Sr. Pharmacovigilance Specialist

Vantive is a vital organ therapy company on a mission to extend lives and expand possibilities for patients and care teams everywhere. For 70 years, our team has driven meaningful innovations in kidney care. As we build on our legacy, we are deepening our commitment to elevating the dialysis experience through digital solutions and advanced services, while looking beyond kidney care and investing in transforming vital organ therapies. Greater flexibility and efficiency in therapy administration for care teams, and longer, fuller lives for patients— that is what Vantive aspires to deliver.

We believe Vantive will not only build our leadership in the kidney care space, it will also offer meaningful work to those who join us. At Vantive, you will become part of a community of people who are focused, courageous and don’t settle for the mediocre. Each of us is driven to help improve patients’ lives worldwide. Join us in advancing our mission to extend lives and expand possibilities.

Summary:

• Maintain, in collaboration with EUQPPV, Global Patient Safety (GPS), EMEA & LATAM Pharmacovigilance Director and WE Pharmacovigilance Manager, an efficient local Pharmacovigilance system in Greece in compliance with the company procedures and applicable legislation
• Management of Safety Data Exchange Agreements in EMEA region.

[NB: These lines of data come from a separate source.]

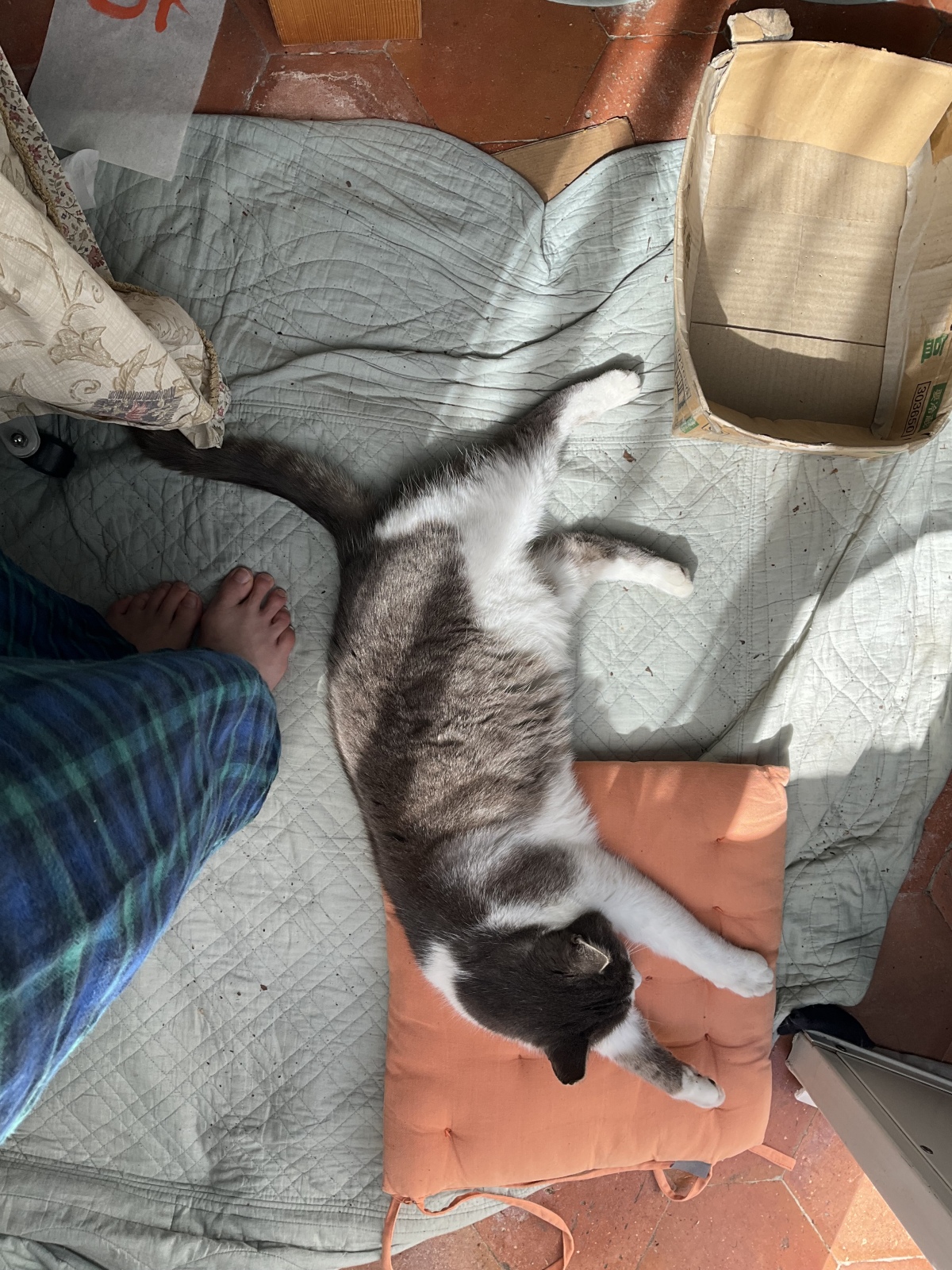 庭に出て戻ったら、通り道に伸びてくるしっぽちゃん。2回同じことしたのは偶然け? またぐのやーから、手でしっぽを寄せて通り道を確保したねーこです。
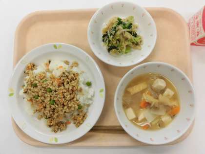 凍り豆腐入りそぼろごはん 野菜のごまだれかけ 呉汁 牛乳
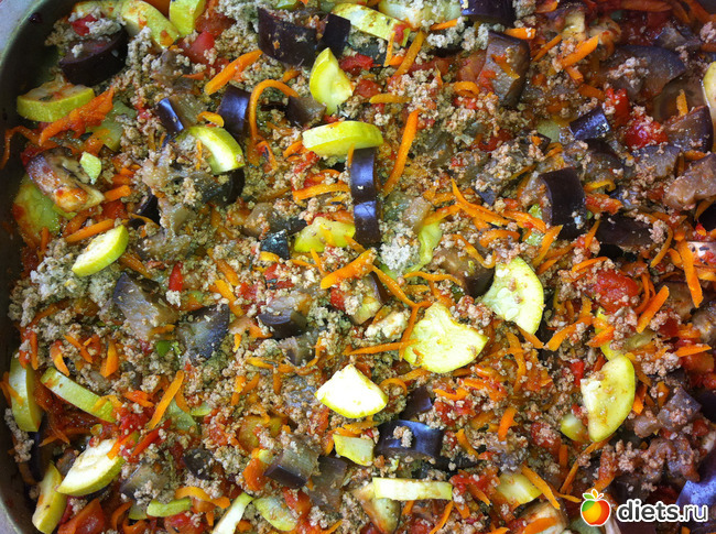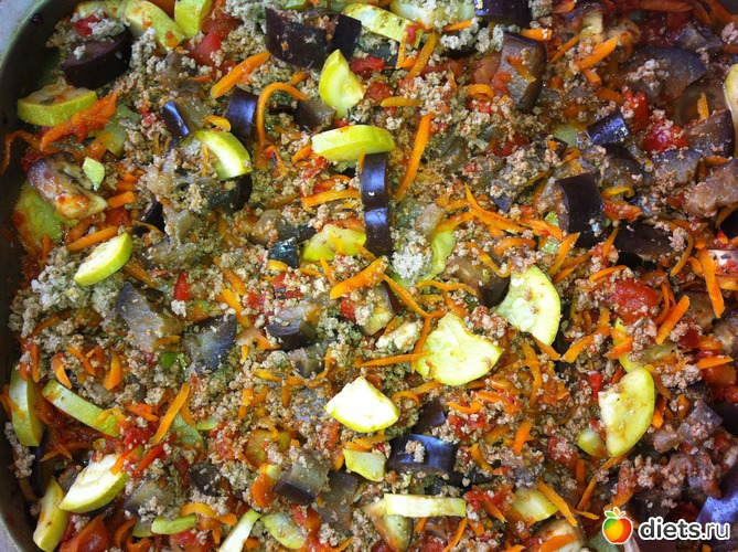 Если мясо сырое, делаете из него фарш и сразу кладете на протвень 2-ым слоем, между овощами и томатной пастой.

Essential Duties and Responsibilities:

National Qualified Person for Pharmacovigilance

1. Local Pharmacovigilance System

• Reviewing PSMF, when requested by Regional PV Director/WE Manager
• Performing e-submission to Cypriot Health Authorities of data relating the volume of sales for all pharmaceutical products marketed in the Republic of Cyprus
• Support Cluster Medical Affairs Organization, and/or local Regulatory Affairs in the answers to safety questions from the Health Care Professionals as needed
• Perform surveillance activities for any new potential safety information (e.g. similar AEs reported in a cluster or multiple cases for one batch received in a short frame) and escalate as per procedures
• Have overview of the local safety communications exchanged internally
• To ensure local business continuity with respective back-up according to applicable procedures
• To participate to the 24h coverage for MoH communications
• Act as the main contact point for EOF in regards the EXTRANEAL communication tools part of product’s Risk Management Plan and be responsible for submitting the dissemination status on an annual basis
• Be an active member of the PV subgroup of SFEE (Greek pharma association).

2. Adverse Event Reports

• Collect, document, follow-up and transmit all local Adverse Events (AEs) and other safety information to Patient Safety Organization and archive, in accordance to applicable procedures.
• To close and archive ADR reports according to applicable procedures
• Answer queries from global patient safety (GPS) organization and to use the specific follow-up questionnaires
• Answer any questions, subsequent to submission of local cases to Eudravigilance in liaison with the GPS organization.

3. Audits and inspections

• To actively participate to the inspection/audit preparation, and provide document requests
• In coordination with the cluster PV Director, EU-QPPV office and GPS, to investigate and provide/ support responses to inspection and audit findings and implement preventive /corrective actions.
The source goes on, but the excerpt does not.